No findings of significance were identified.

1R12 Maintenance Effectiveness

a. Inspection Scope

For the two equipment issues described in the ARs listed below, the inspectors reviewed the licensees implementation of the Maintenance Rule (10 CFR 50.65) with respect to the characterization of failures, the appropriateness of the associated Maintenance Rule a(1) or a(2) classification, and the appropriateness of the associated a(1) goals and corrective actions. The inspectors also reviewed operations logs and licensee event reports to verify unavailability times of components and systems, if applicable. Licensee performance was evaluated against the requirements of Procedure ADM-NGG-0101, Maintenance Rule Program. The inspectors also reviewed deficiencies related to the work activities associated with the ARs to verify that the licensee had identified and resolved deficiencies in accordance with Procedure CAP-NGGC-0200, Corrective Action.

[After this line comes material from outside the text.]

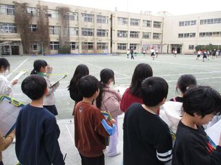 3日(火曜)に、3年3組と5年3組のたてわり班活動が行われました。ドッチボールや鬼ごっこをして、楽しく遊びました。5年生が3年生をしっかりと引っ張っていってくれました。

  • AR 173198, Diesel generator #4 air compressive repetitive functional failure
  • AR 173069, Diesel generator air compressor #1 in degraded condition

b. Findings

No findings of significance were identified.

1R13 Maintenance Risk Assessments and Emergent Work Evaluation

a. Inspection Scope

The inspectors reviewed the licensees implementation of 10 CFR 50.65 (a)(4)requirements during scheduled and emergent maintenance activities, using Procedure 0AP-025, BNP Integrated Scheduling and Technical Requirements Manual 5.5.13, Configuration Risk Management Program. The inspectors reviewed the effectiveness of risk assessments performed prior to changes in plant configuration for maintenance activities (planned and emergent). The review was conducted to verify that, upon unforseen situations, the licensee had taken the necessary steps to plan and control the resultant emergent work activities. The inspectors reviewed the applicable plant risk profiles, work week schedules, and maintenance WOs for the following seven conditions involving OOS equipment:

  • AR 190487, Unit 1 risk assessment for transitioning from Mode 4 (Cold Shutdown) to Mode 2 (start-up) utilizing provisions of TS 3.0.4.b with an inoperable back-up nitrogen supply to a drywell-to-reactor building vacuum breaker on April 6, 2006 (planned)
  • AR 195219, Unit 1 isolated phase bus duct cooling damper adjustments to correct high B phase temperature on May 20, 2006 (emergent)
  • AR 194918, Failure of Unit 2 C residual heat removal pump breaker to properly rack resulting in Yellow plant risk condition on May 18, 2006 (emergent)
  • AR 194714, Failure of one channel of the Unit 2 main turbine thrust-bearing wear detector on May 16, 2006, resulting in satisfying one-half of the turbine trip logic (emergent)
  • Work Request (WR) 236201, Unit 1 B circulating water pump tripped on April 15, 2006, resulting in a Unit 1 power reduction to approximately 80 percent (emergent)
  • AR 197918, Unit 2 safety/relief valve C pilot valve leakage identified on June 20, 2006 (emergent)

b. Findings

No findings of significance were identified.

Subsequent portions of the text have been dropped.